Columbia Threadneedle: UK equities – don’t believe the doom mongers

While Labour’s first Budget was a surprise in terms of the scale of the fiscal loosening, there remain grounds for cautious optimism about UK equities.

10.12.2024 | 05:50 Uhr

Key Takeaways

  • While Labour’s first Budget was a surprise in terms of the scale of the fiscal loosening, there remain grounds for cautious optimism about UK equities
  • The Bank of England’s cycle of rate cuts should support equities, as history shows the market rises in the 12 months following a cut
  • With valuations a key indicator of long-term future returns, the UK market has the advantage of being at a wide discount to other developed equity markets

Remember Tony Blair? When Labour won a landslide election victory in 1997 after 18 years of Conservative rule, it inherited an economy on the rebound after a bout of inflation and high interest rates in the early 1990s. In the months that followed, sterling surged and UK stocks rallied.

There were early signs of a similar carnival spirit after the current Labour government’s election in July – until the Budget on 30 October dampened the mood. Despite the press leaks in advance, the scale of fiscal loosening was a surprise. The Office for Budget Responsibility thinks this will stoke inflation, thus reducing the Bank of England’s scope for near-term interest rate cuts.

Before we get too miserable, however, there remain reasons for cautious optimism around UK equities. After all, the UK government still professes to have a pro-growth agenda, rate cuts should continue (if at a slower rate), and the equity market remains on a substantial discount to international peers. What’s more, with the largest majority government in 25 years, Labour should at least deliver the political stability that investors have long craved.

It is true that the scale of the extra taxes and borrowing in the Budget led to a decline in the pound and spooked the gilt market. However, tax increases were less steep than had been feared in some respects. The economy appears resilient and there are good reasons to remain optimistic with hopes that an increase in public investment should encourage a move towards a more productive economy.

A resilient economy, with growth measures to come

Although economic growth has slowed since the strong first half of 2024, UK household disposable income has been rising. The Asda UK income tracker follows the amount families are left with each week after paying for bills and other essentials. It showed disposable income rising by 12.7% in the third quarter of 2024 compared with the previous year, reaching an average of £2481.The improvement primarily resulted from a greater-than-expected fall in inflation to 1.7% in September. This follows increases in spending power throughout 2024 as wage growth outstripped rises in consumer prices.

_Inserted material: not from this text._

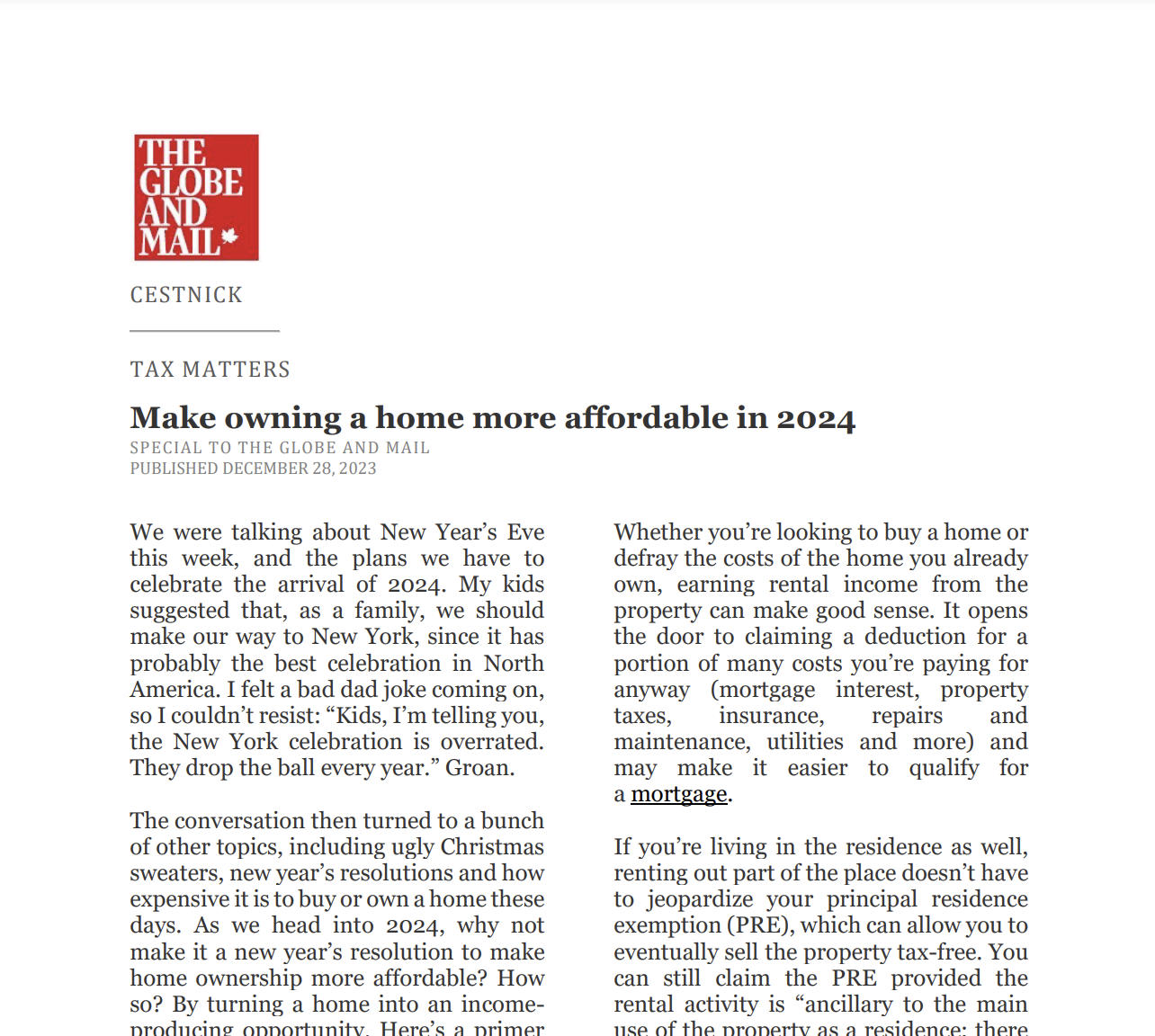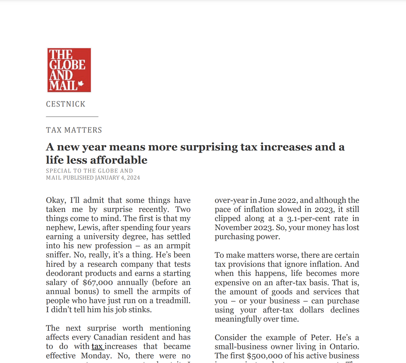 Catch up on our Co-Founder and CEO, Tim Cestnick's weekly column. His status as an expert is reinforced by his role as a tax and personal finance columnist for The Globe and Mail, Canada’s most prominent national newspaper.
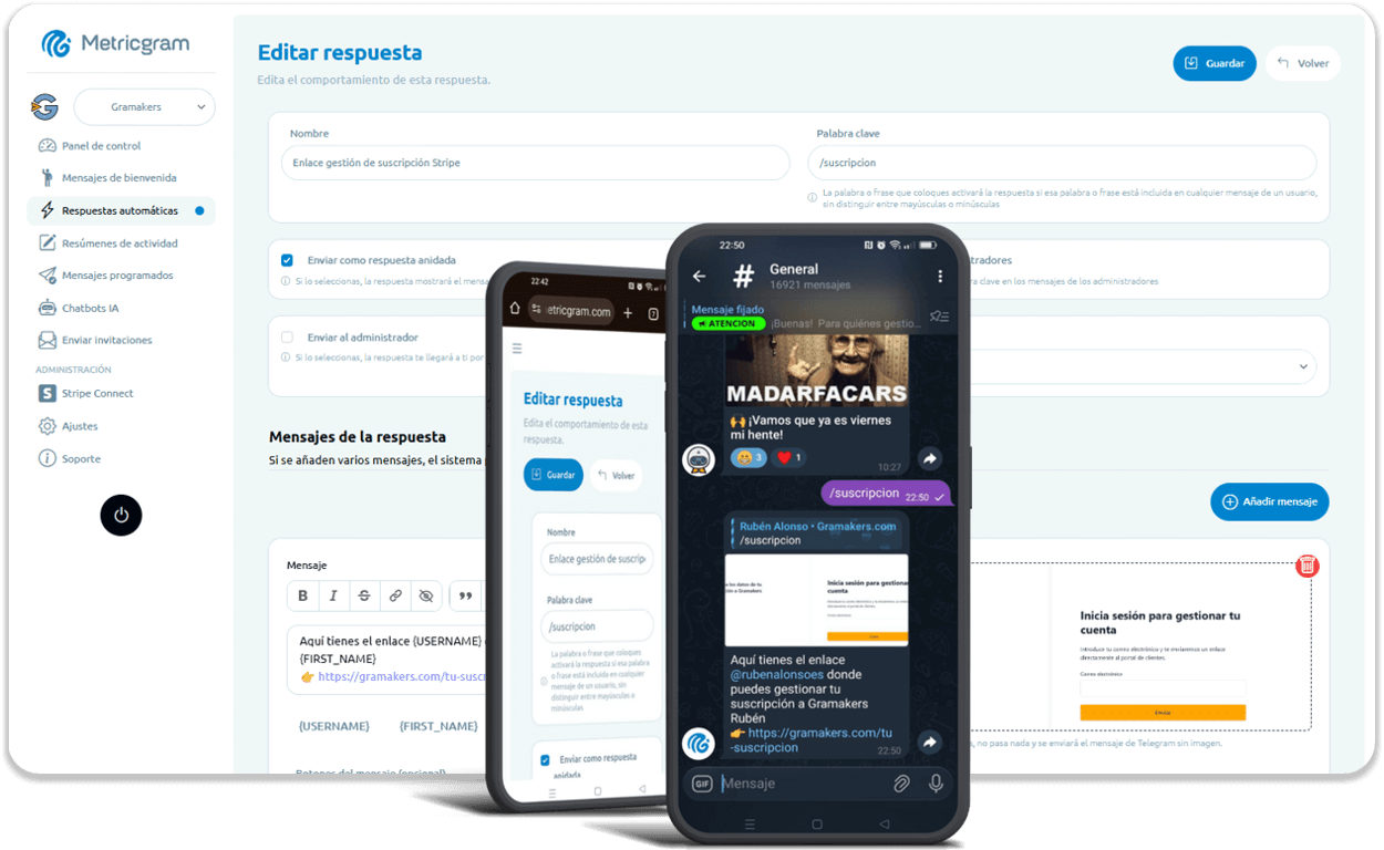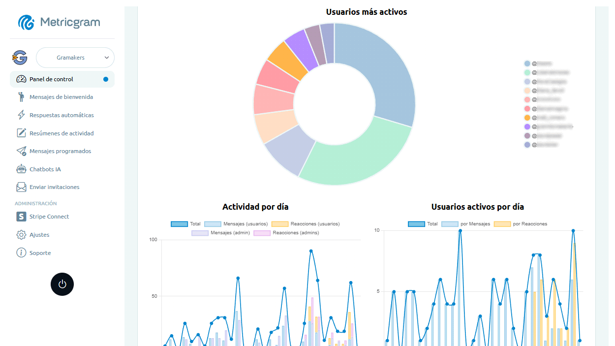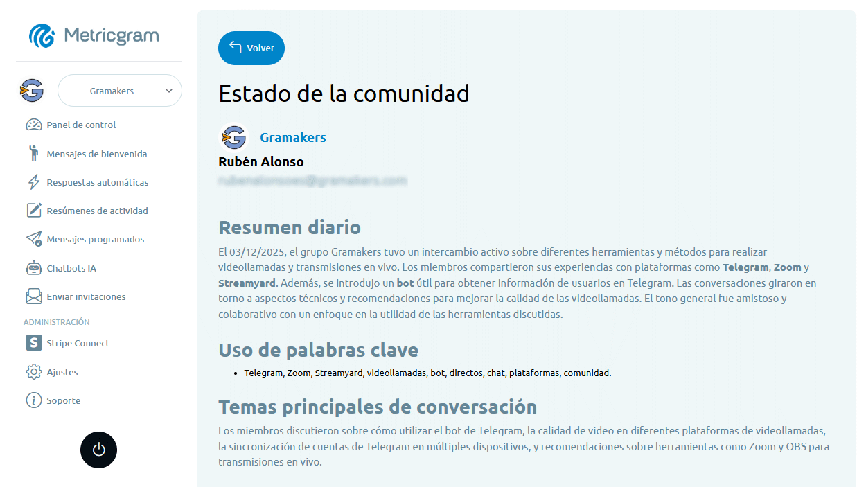 La verdad es que en MetricGram he encontrado todo lo que podía pedir para gestionar mucho mejor mi comunidad en Telegram: conexión con Stripe, IA integrada, automatizaciones... Y métricas, claro. Antes lo intentaba hacer de forma externa pero me daba más fallos que una escopeta de feria. Un problema menos y he notado más movimiento y salud en mis grupos desde que la uso.

Household savings remain high compared to history, with Covid-era “piggy banks” still intact. The UK stands out as the region where consumers have been most cautious relative to history. If interest rates continue to fall and the economy remains stable, that should encourage consumers to spend rather than save. The UK might not enjoy the mini boom that accompanied Blair’s win, but it should at least remain robust.

Returning to Labour’s policy, it has also promised pro-growth measures. This is evident, for instance, in Chancellor Rachel Reeves’ plan to merge 86 council pension schemes and multiple small workplace pensions into a handful of pension “megafunds”2. This should encourage higher domestic investment and create much greater scale, allowing more scope to invest in longerterm assets. Another example of pro-growth measures is the Financial Conduct Authority enhancing access to market data and investment research to support growth and competitiveness.